Start of Provided data

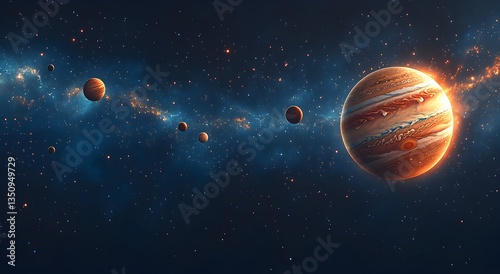 A breathtaking cosmic panorama showcases Jupiter and its moons orbiting within a vibrant nebula of swirling gas and dust.
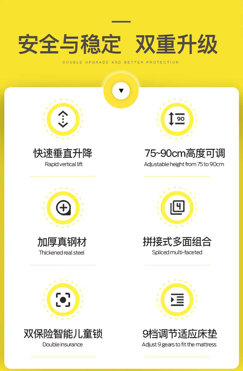 【英国品牌】一人带娃,无需看管,加厚真钢材骨架不摇晃,环保材质无异味!超强9档防夹床,垂直升降,全面【屏】+可视网布360度无死角保护宝宝,再也不用担心宝宝睡觉不老实
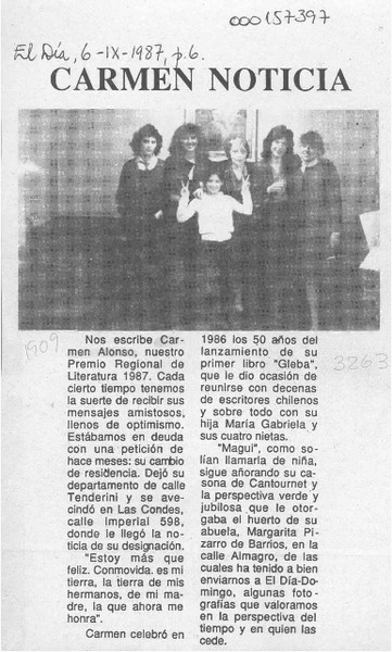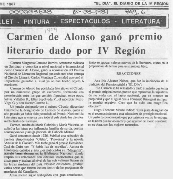 Carmen de Alonso recibe premio regional de literatura [artículo].
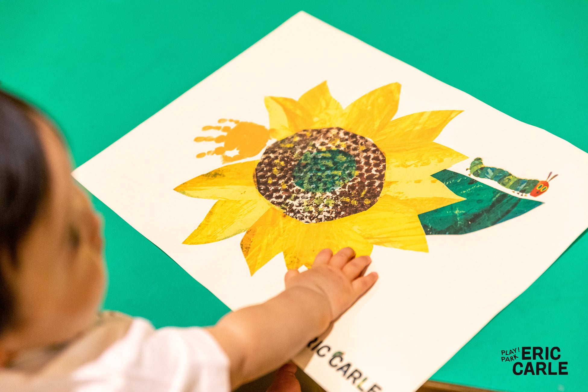 エリック・カールのイラストの一部に手形を押す、大人気のワークショップです。「はらぺこバカンス」期間中は、「ひまわり」のイラストで開催します。あっという間に大きくなってしまうお子さまの「今」を、思い出に残すことができます。
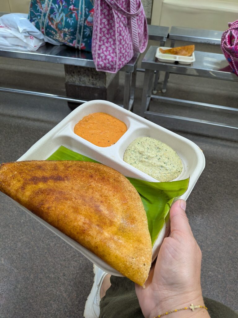 J’ai ensuite mangé mon premier Masala Dosa, un plat typique et que l’on trouve partout à Bangalore, il s’agit d’une d’une crêpe salée fourrée d’un curry de pommes de terre épicé, j’ai adoré :
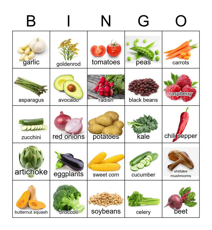 This bingo card has 39 images and 40 words: pumpkin, zucchini, bell peppers, avocado, broccoli, sweet corn, radish, cauliflower, carrots, artichoke, red onions, peas, potatoes, chili pepper, kale, eggplants, red cabbage, garlic, ginger, tomatoes, shiitake mushrooms, celery, black beans, asparagus, lettuce, green onion, spinach, yellow watermelon, beet, iceberg lettuce, sweet potatoes, butternut squash, kohlrabi, cucumber, raspberry, soybeans, bok choy, coneflower, goldenrod and pumpkin.
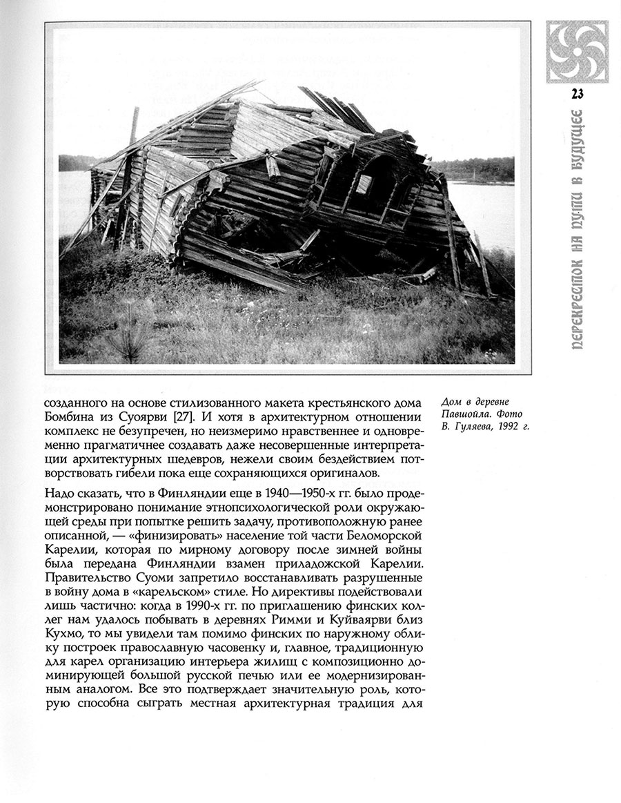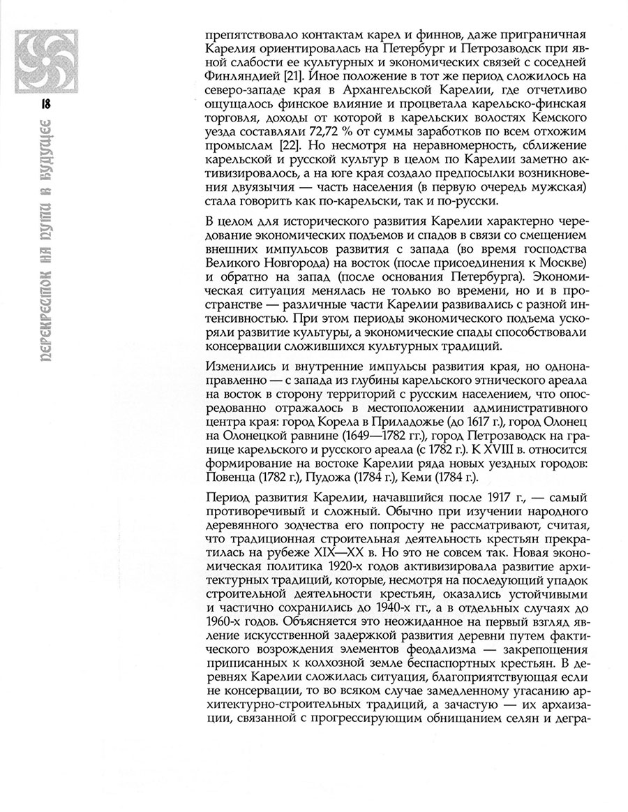 Монография посвящена традиционному жилищу карел и важнейшим аспектам исторического развития сельской среды обитания на территории современного этнического ареала карельского народа – заселению, формированию систем расселения и особенностям объемно-планировочных структур деревень.
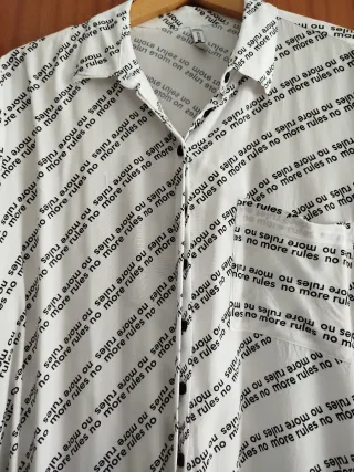 Camisa con estampado No More Rules en blanco. - Diseño con texto repetido. - Cuello camisero. - Cierre de botones.

End of Provided data

- _Problem details_: Each line from the beginning of the entries up to and including the one containing "エリック・カールのイラストの" must be restated exactly. Pictures are to be left out.

- _Finished task_:
 A breathtaking cosmic panorama showcases Jupiter and its moons orbiting within a vibrant nebula of swirling gas and dust.
 【英国品牌】一人带娃,无需看管,加厚真钢材骨架不摇晃,环保材质无异味!超强9档防夹床,垂直升降,全面【屏】+可视网布360度无死角保护宝宝,再也不用担心宝宝睡觉不老实
 Carmen de Alonso recibe premio regional de literatura [artículo].
 エリック・カールのイラストの一部に手形を押す、大人気のワークショップです。「はらぺこバカンス」期間中は、「ひまわり」のイラストで開催します。あっという間に大きくなってしまうお子さまの「今」を、思い出に残すことができます。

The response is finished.